残業が発生してしまっている会社においては、固定残業代は労働者の自発的な業務効率化の意識を高められる可能性のある制度だと私は思っています。労働弁護士などはブラック企業を叩くのが仕事ですから、固定残業代=ブラック企業の代名詞みたいに一律で固定残業代を否定する人もいますが、そうではなく固定残業代の制度があっても良い企業はあると思いますので注意した方が良いと思います。
固定残業代の問題点は制度そのものではなくて、提示している給料の中に実は固定残業代が含まれるという事実を言わない、またはわかりにくくしている企業があることです。
初任給22万と提示されていたのに、実はそのうち5万は固定残業代でしたみたいなパターンです。そうすると固定残業代を除いた分の給料は17万ということになってしまい、本当はすごく低い給料なのにその事実を正しく伝えないことが問題なのです。

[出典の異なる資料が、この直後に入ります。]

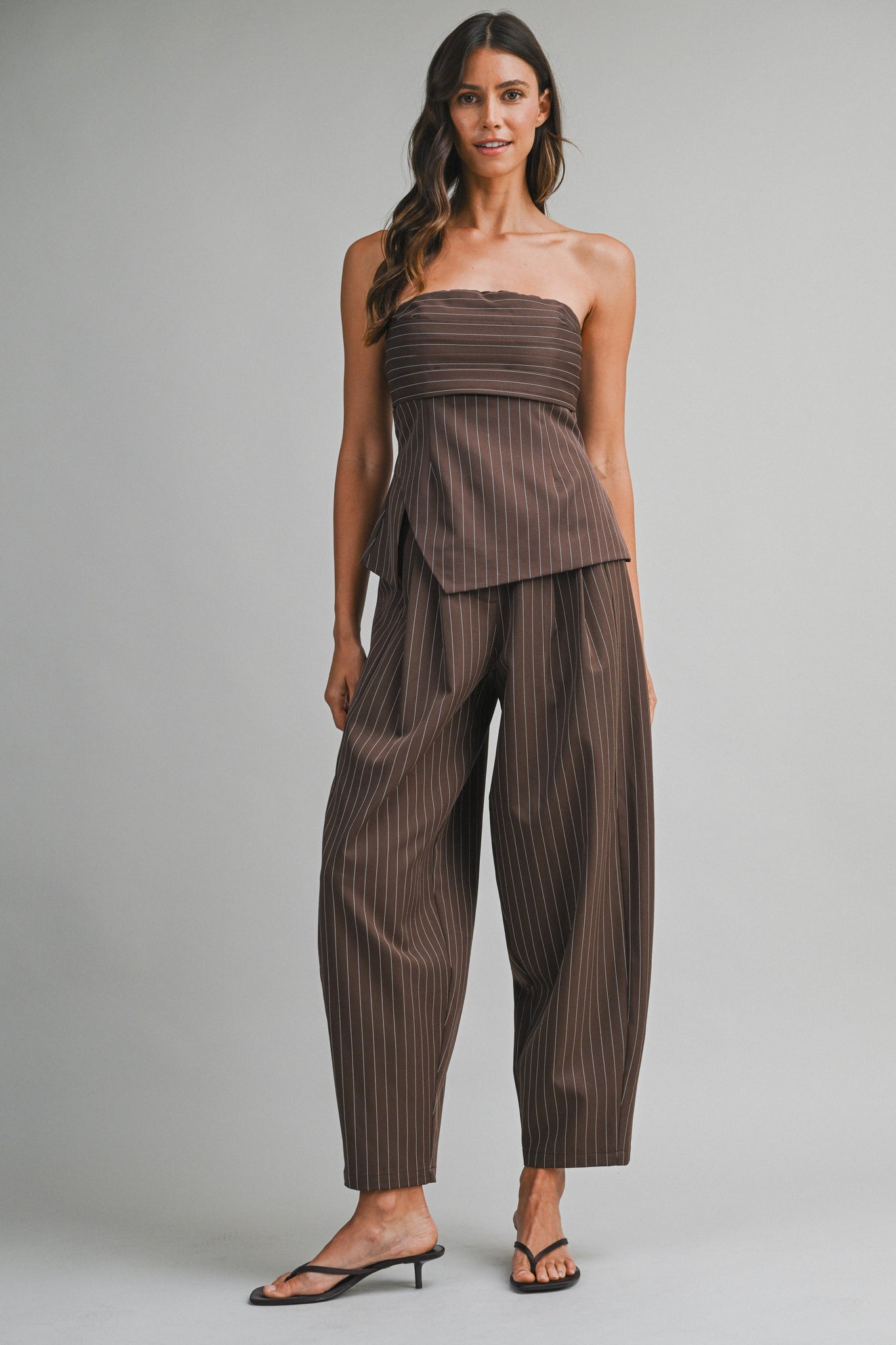 Pinstripe two-piece set featuring a strapless tube top with asymmetric hem and back exposed zipper closure, paired with relaxed cropped barrel-leg trousers. Lining.

中には非常に高い給料を提示しているのに、実は固定残業代がたくさん含まれており、実質的には法律で定められた最低時給ギリギリなんて企業もあります。
紳士服のはるやまさんは、正規に提示された給与額に上乗せする形でノー残業手当を支払う形を取っており、労働者が誤解するようなところが何もないから賞賛する声も多いわけですね。
それに対して、固定残業代の情報を曖昧にして労働者を騙すような形で求人情報を出しているような会社も多くありますので、そのような会社に入ってしまうと後になって思っていた給料と違うとなってしまうので要注意です。
裁量労働制かどうか
固定残業代もそうですが、私は裁量労働制自体はそんなに悪くない制度だと思っています。労働者に裁量を委ねるその主旨は素晴らしいと思っています。ただし理想と現実は違うというところが中々切ないところであります。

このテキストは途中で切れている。